Excerpts from Cédric Le Goater's message of February 16, 2022 8:52 pm:
> On 2/16/22 11:25, Nicholas Piggin wrote:
>> This implements the Nested KVM HV hcall API for spapr under TCG.
>>
>> The L2 is switched in when the H_ENTER_NESTED hcall is made, and the
>> L1 is switched back in returned from the hcall when a HV exception
>> is sent to the vhyp. Register state is copied in and out according to
>> the nested KVM HV hcall API specification.
>>
>> The hdecr timer is started when the L2 is switched in, and it provides
>> the HDEC / 0x980 return to L1.
>>
>> The MMU re-uses the bare metal radix 2-level page table walker by
>> using the get_pate method to point the MMU to the nested partition
>> table entry. MMU faults due to partition scope errors raise HV
>> exceptions and accordingly are routed back to the L1.
>>
>> The MMU does not tag translations for the L1 (direct) vs L2 (nested)

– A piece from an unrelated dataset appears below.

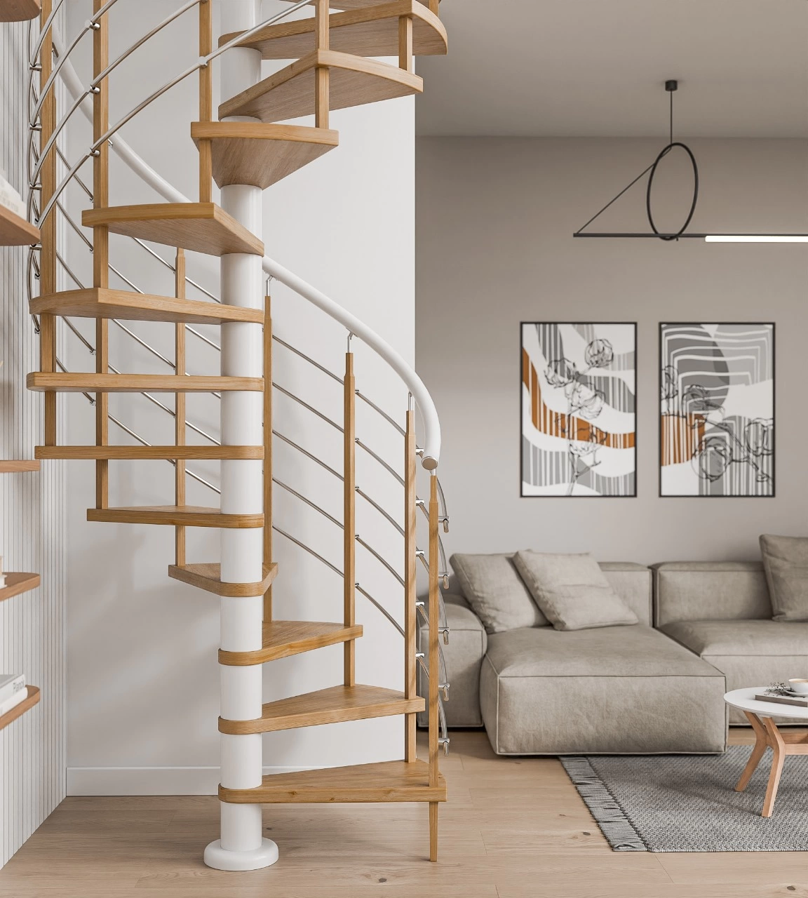 Винтовая лестница представлена в трёх вариантах диаметра: 120, 140 и 160 см.

>> guests, so the TLB is flushed on any L1<->L2 transition (hcall entry
>> and exit).>
>> Reviewed-by: Fabiano Rosas <[email protected]>
>> Signed-off-by: Nicholas Piggin <[email protected]>
>
> Reviewed-by: Cédric Le Goater <[email protected]>
>
> Some last comments below,
[...]
>> diff --git a/include/hw/ppc/spapr.h b/include/hw/ppc/spapr.h
>> index edbf3eeed0..852fe61b36 100644
>> --- a/include/hw/ppc/spapr.h
>> +++ b/include/hw/ppc/spapr.h
>> @@ -199,6 +199,9 @@ struct SpaprMachineState {
>> bool has_graphics;
>> uint32_t vsmt; /* Virtual SMT mode (KVM's "core stride") */
>>
>> + /* Nested HV support (TCG only) */
>> + uint64_t nested_ptcr;
>> +
>
> this is new state to migrate.
>
[...]
>> +/* Linux 64-bit powerpc pt_regs struct, used by nested HV */
>> +struct kvmppc_pt_regs {
>> + uint64_t gpr[32];
>> + uint64_t nip;
>> + uint64_t msr;
>> + uint64_t orig_gpr3; /* Used for restarting system calls */
>> + uint64_t ctr;
>> + uint64_t link;
>> + uint64_t xer;
>> + uint64_t ccr;
>> + uint64_t softe; /* Soft enabled/disabled */
>> + uint64_t trap; /* Reason for being here */
>> + uint64_t dar; /* Fault registers */
>> + uint64_t dsisr; /* on 4xx/Book-E used for ESR */
>> + uint64_t result; /* Result of a system call */
>> +};
>
> I think we need to start moving all the spapr hcall definitions under
> spapr_hcall.h. It can come later.
Sure.
[...]
>> diff --git a/include/hw/ppc/spapr_cpu_core.h
>> b/include/hw/ppc/spapr_cpu_core.h
>> index dab3dfc76c..b560514560 100644
>> --- a/include/hw/ppc/spapr_cpu_core.h
>> +++ b/include/hw/ppc/spapr_cpu_core.h
>> @@ -48,6 +48,11 @@ typedef struct SpaprCpuState {
>> bool prod; /* not migrated, only used to improve dispatch latencies */
>> struct ICPState *icp;
>> struct XiveTCTX *tctx;
>> +
>> + /* Fields for nested-HV support */
>> + bool in_nested; /* true while the L2 is executing */
>> + CPUPPCState *nested_host_state; /* holds the L1 state while L2 executes
>> */
>> + int64_t nested_tb_offset; /* L1->L2 TB offset */
>
> This needs a new vmstate.
How about instead of the vmstate (we would need all the L1 state in
nested_host_state as well), we just add a migration blocker in the
L2 entry path. We could limit the max hdecr to say 1 second to
ensure it unblocks before long.
I know migration blockers are not preferred but in this case it gives
us some iterations to debug and optimise first, which might change
the data to migrate.
Thanks,
Nick